Artifact Content
Not logged in

Artifact 39548040ed02b3094227fa3cd0717f02a4b3f755:

Data Encoding

The key for each row of a table is the defined PRIMARY KEY in the key encoding. Or, if the table does not have a defined PRIMARY KEY, then it has an implicit INTEGER PRIMARY KEY as the first column.

The content consists of all columns of the table, in order, in the data encoding defined here. The PRIMARY KEY column or columns are repeated in the data, due to the difficulty in decoding the key format.

The data consists of a header area followed by a content area. The data begins with a single varint which is the size of the header area. The initial varint itself is not considered part of the header. The header is composed of one or two varints for each column in the table. The varints determines the datatype and size of the value for that column:

Code (N)
Bytes of
ZERO 1 0 Zero
ONE 2 0 One
INT 3..10 N-2 Signed integer
NUM 11..21 N-9 Floating-point number
STRING 22+4*K K String
BLOB 23+4*K K Inline blob
KEY 24+4*K 0 Content in key at offset K/2. Floating-point if LSB of K is 1.
TYPED 25+4*K K Typed blob, followed by a single varint type code

Header codes NULL, ZERO, and ONE are self describing and have no content in the payload area.

Strings (STRING) can be either UTF8, UTF16le, or UTF16be. If the first byte of the payload is 0x00, 0x01, or 0x02 then that byte is ignored and the remaining bytes are UTF8, UTF16le, or UTF16be respectively. If the first byte is 0x03 or larger, then the entire string including the first byte is UTF8. An empty string consists of the header code 22 and no payload.

Blobs (BLOB) are stored as a sequence of bytes with no encoding. An empty blob is header code 23. A one-byte blob is header code 27. And so forth.

The KEY header code indicates that the actually content of the column is in the key portion of the key/value pair at an offset of K/2 bytes from the beginning of the key. Numeric values should be interpreted as floating point if K is odd and as integers if K is even.

A "typed blob" (TYPED) is a sequence of bytes in an application-defined type. The type is determined by a varint that immediately follows the initial varint. Hence, a typed blob uses two varints in the header whereas all other types use a single varint.

The content of INT is the specified number of bytes for the signed integer. The most significant bytes are first.

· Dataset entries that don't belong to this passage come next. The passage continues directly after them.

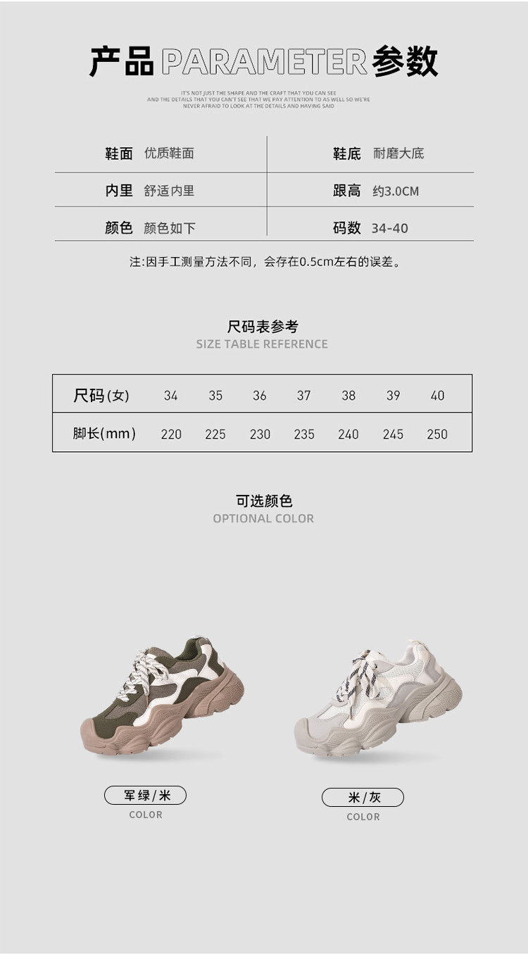 商品名称:老爹鞋女2025爆款夏季网面透气厚底增高鞋子百搭运动休闲鞋女 470280
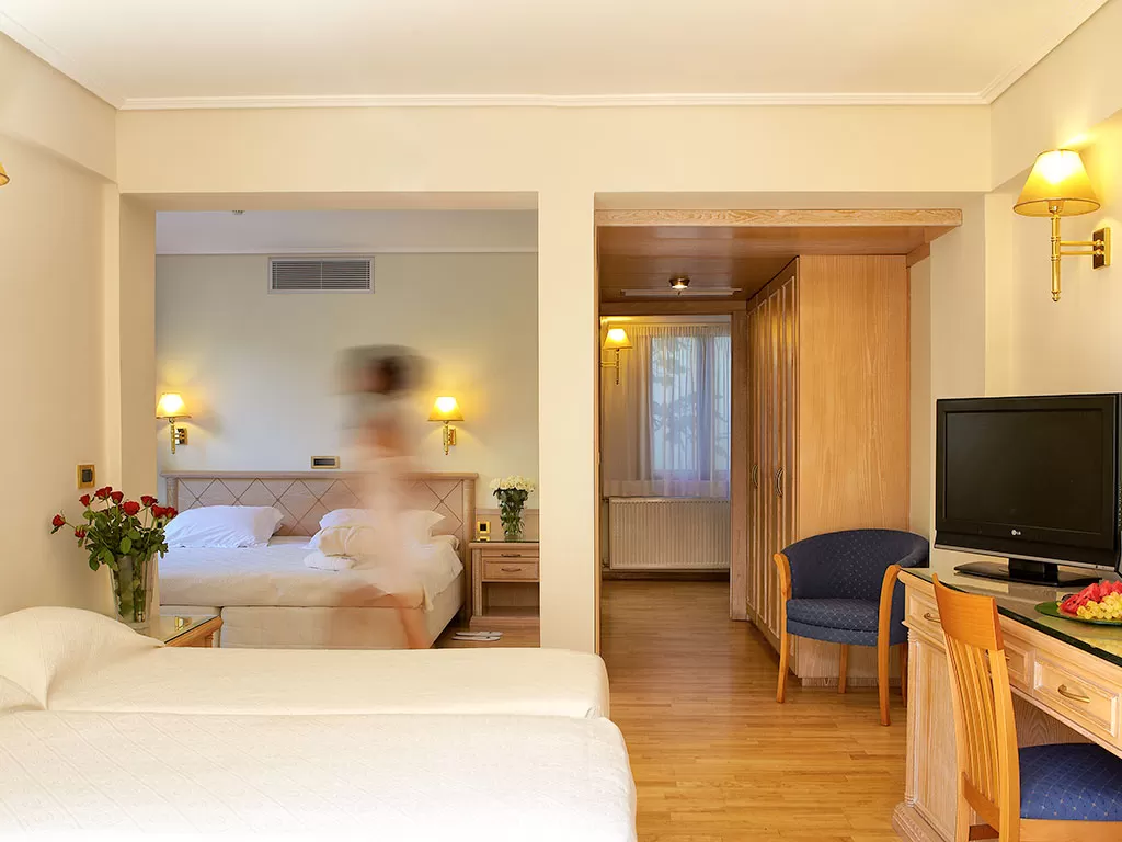 В номерах: кондиционер, сейф (бесплатно), мини-бар, Wi-Fi интернет (бесплатно), спутниковое телевидение, прямой телефон, ванная комната с телефоном (ванна/душ), фен, зеркало для макияжа, халаты и тапочки, утюг и гладильная доска (по запросу), балкон/веранда.
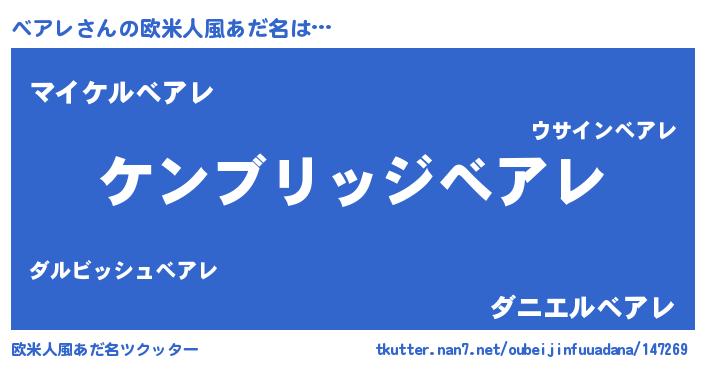 | 男性向けラノベタイトル風あだ名 | 『Re:べアレから始める異世界生活』 |
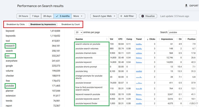 Right below the regular GSC line graph, you can see this tabular presentation of the most common keyword modifiers that are driving the most clicks and impressions to your website. These queries can also give insight into what topics are performing the best, making it a great place to find seed keywords to hone in on.

The content of a number (NUM) is two varints. The first varint has a value which is abs(e)*4 + (e<0)*2 + (m<0). The second varint is abs(m). The maximum e is 999, which gives a max varint value of 3999 or 0xf906af, for a maximum first varint size of 3. Values of e greater than 999 (used for Inf and NaN) are represented as a -0. The second varint can be a full 9 bytes. Example values:

0.123 e=-3, m=123 0e,7b (2 bytes)
3.14159 e=-5, m=314159 16,fa04cb2f (5 bytes)
-1.2e+99 e=98, m=-12 f199,0c (3 bytes)
+Inf e=-0, m=1 02,01 (2 bytes)
-Inf e=-0, m=-1 03,01 (2 bytes)
NaN e=-0, m=0 02,00 (2 bytes)

Initially, the followed typed blobs are defined:

0 external blob
1 big int
2 date/time